*RECORDS PROVIDED*.
*****

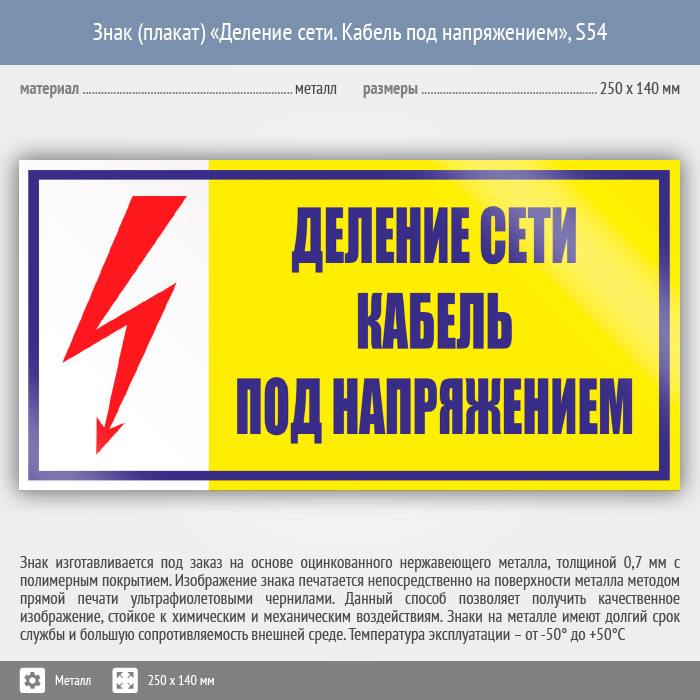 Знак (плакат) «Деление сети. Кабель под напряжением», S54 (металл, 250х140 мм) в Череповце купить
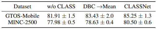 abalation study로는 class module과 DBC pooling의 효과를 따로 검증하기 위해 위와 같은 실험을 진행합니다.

*****

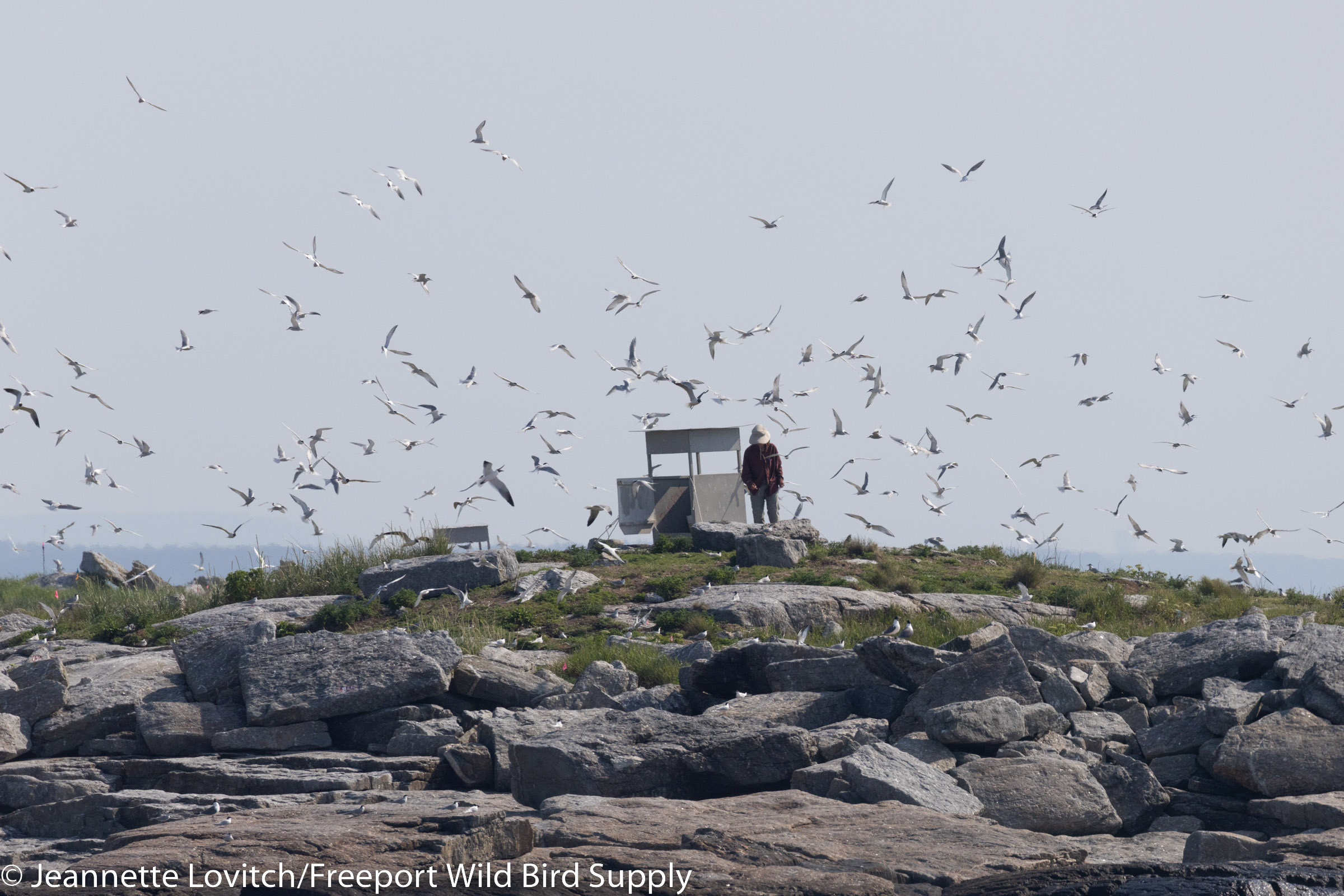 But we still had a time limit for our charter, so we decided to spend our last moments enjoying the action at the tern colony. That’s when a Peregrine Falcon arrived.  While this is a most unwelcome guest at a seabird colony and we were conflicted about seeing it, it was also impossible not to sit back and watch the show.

*****

*WORK REQUIRED*. Lines from the one above containing "в Череповце купить" down to the one containing "abalation study로는 class" should be transcribed exactly, with both ends kept and no pictures.

*REPLY*.
 Знак (плакат) «Деление сети. Кабель под напряжением», S54 (металл, 250х140 мм) в Череповце купить
 abalation study로는 class module과 DBC pooling의 효과를 따로 검증하기 위해 위와 같은 실험을 진행합니다.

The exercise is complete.